Check that the data is indeed balanced:

PYTHON

y_balanced.mean()

0.5

Check that there is now indeed more data in the training set:

PYTHON

X_balanced.shape

OUTPUT

(1080, 4)

8. Train and evaluate the model trained on a balanced dataset

Now that we have balanced our dataset, we can see whether this improves the performance of our model!

Challenge: Train the model on the balanced dataset

Train the model on the balanced dataset
Evaluate the model by visualizing the results. What do you see?

Show me the solution

PYTHON

_ = model.fit(X_balanced, y_balanced)
_ = ConfusionMatrixDisplay.from_estimator(model, X_test, y_test)

This already looks much better! The predictions are more balanced over the two classes, and are also quite often correct. So balancing the data helped a lot!

9. Use evaluation metrics to evaluate the model

So far we have used a confusion matrix to visually evaluate the model. When proceeding it would be better to use evaluation metrics for this.

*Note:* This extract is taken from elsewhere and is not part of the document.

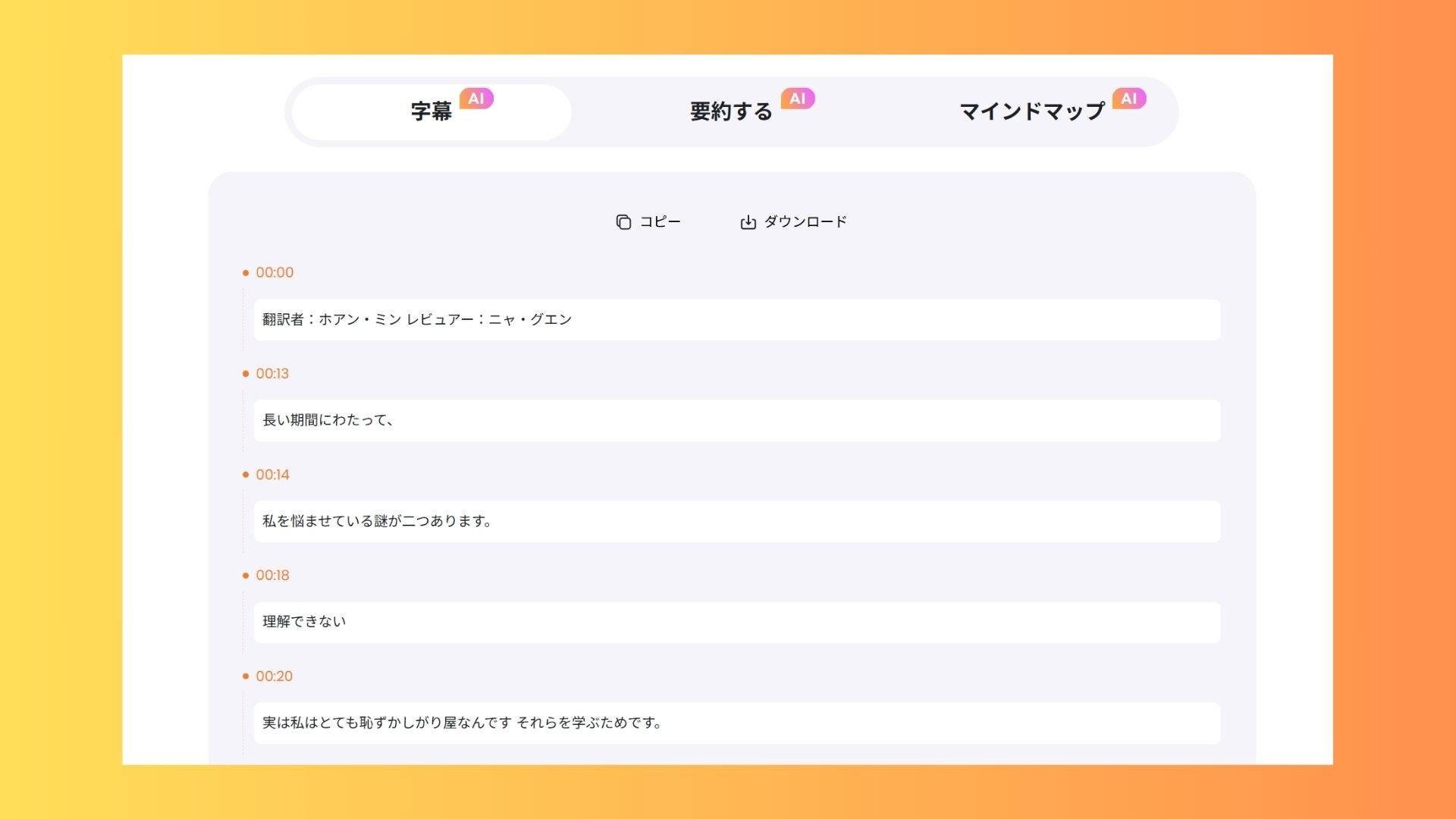 動画に付随する字幕データを簡単にダウンロードまたはコピーできます。多言語学習や、オフラインでの内容確認に便利です。

Challenge: Evaluation metrics

Evaluate the model using the appropriate evaluation metrics. Hint: the dataset is unbalanced.

Show me the solution

Good evaluation metrics would be precision, recall, and F1-score for the positive class (getting a child in the next 3 years) This of course also makes sense, sense these are the metrics that are used in the benchmark.

Precision gives us a measure for how many of the households labeled as ‘fertile’ was that a correct prediction. Recall gives us a measure for how many of the households that are actually ‘fertile’ how many we correctly ‘detect’ as being fertile.

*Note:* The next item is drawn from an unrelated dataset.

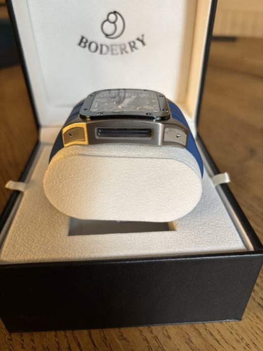 Boderry Storm automatik, kuciste titansko,velicina 42 mm,mehanizam vlastite proizvodnje,21 rubin, rezerva 72+sata, safirno staklo sa svih strana,Swiss Super-lumiNova BGW9, stanje kao novo, 2-3 minijaturne crtice sa doljnje strane, dolazi sa originalnom kutijom i papirima.Bez zamjena.

F1-score is the harmonic mean of the two.

PYTHON

from sklearn.metrics import precision_recall_fscore_support

y_pred = model.predict(X_test)
p, r, f, _ = precision_recall_fscore_support(y_test, y_pred, average='binary')
print(f'Precision: {p}, recall: {r}, F1-score: {f}')

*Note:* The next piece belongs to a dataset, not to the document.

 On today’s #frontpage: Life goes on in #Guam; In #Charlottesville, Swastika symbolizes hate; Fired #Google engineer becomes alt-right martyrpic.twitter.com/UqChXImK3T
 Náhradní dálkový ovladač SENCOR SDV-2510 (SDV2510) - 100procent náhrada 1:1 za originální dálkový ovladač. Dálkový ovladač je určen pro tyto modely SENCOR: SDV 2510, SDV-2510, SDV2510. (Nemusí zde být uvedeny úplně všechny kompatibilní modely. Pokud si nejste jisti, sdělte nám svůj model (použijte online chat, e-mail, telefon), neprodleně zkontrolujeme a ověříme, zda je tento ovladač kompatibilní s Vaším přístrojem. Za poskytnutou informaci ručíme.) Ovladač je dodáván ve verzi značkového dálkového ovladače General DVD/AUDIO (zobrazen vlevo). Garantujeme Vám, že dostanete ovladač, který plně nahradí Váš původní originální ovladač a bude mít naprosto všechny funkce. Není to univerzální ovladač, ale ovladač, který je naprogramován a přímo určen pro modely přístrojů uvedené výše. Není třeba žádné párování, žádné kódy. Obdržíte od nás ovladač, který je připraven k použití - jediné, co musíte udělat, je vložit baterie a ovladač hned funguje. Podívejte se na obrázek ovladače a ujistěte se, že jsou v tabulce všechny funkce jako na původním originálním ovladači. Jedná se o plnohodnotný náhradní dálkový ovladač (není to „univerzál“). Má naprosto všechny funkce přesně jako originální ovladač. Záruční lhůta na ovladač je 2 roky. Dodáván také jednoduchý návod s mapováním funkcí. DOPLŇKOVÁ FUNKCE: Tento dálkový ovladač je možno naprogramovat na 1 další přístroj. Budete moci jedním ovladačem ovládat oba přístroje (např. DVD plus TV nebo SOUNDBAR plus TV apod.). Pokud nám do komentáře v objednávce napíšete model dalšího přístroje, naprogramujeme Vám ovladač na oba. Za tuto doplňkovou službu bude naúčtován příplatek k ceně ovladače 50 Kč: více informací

Precision: 0.2644628099173554, recall: 0.5, F1-score: 0.34594594594594597

Challenge: Test your understanding of precision and recall by computing the scores by hand! You can use the numbers shown in the confusion matrix for this.

10. Adapt, train, evaluate. Adapt, train, evaluate.

Good job! You have now set up a simple, yet effective machine learning pipeline on a real-world problem. Notice that you already went through the machine learning cycle twice. From this point onward it is a matter of adapting your approach, train the model, evaluate the results. Again, and again, and again.

Of course there is still a lot of room for improvement. Every time you evaluate the results, try to come up with a shortlist of things that seem most promising to try out in the next cycle.

Challenge: Improving the model further

What ideas do you have to improve the model further?

Show me the solution

There is no right or wrong, but here are some pointers:

Include more features. You can think of automated feature selection to select features or go through the codebook by hand and select the most promising.
Engineer more features. You could try and create new features yourself, based on the variables in the dataset, or maybe combine a different dataset.
Try out different models.
Come up with a good baseline, to get a feeling for how good the model is performing.
Use hyperparameter tuning to find the best hyperparameters for a model.
Try out different preprocessing approaches
Deal with missing data differently. Try out imputation.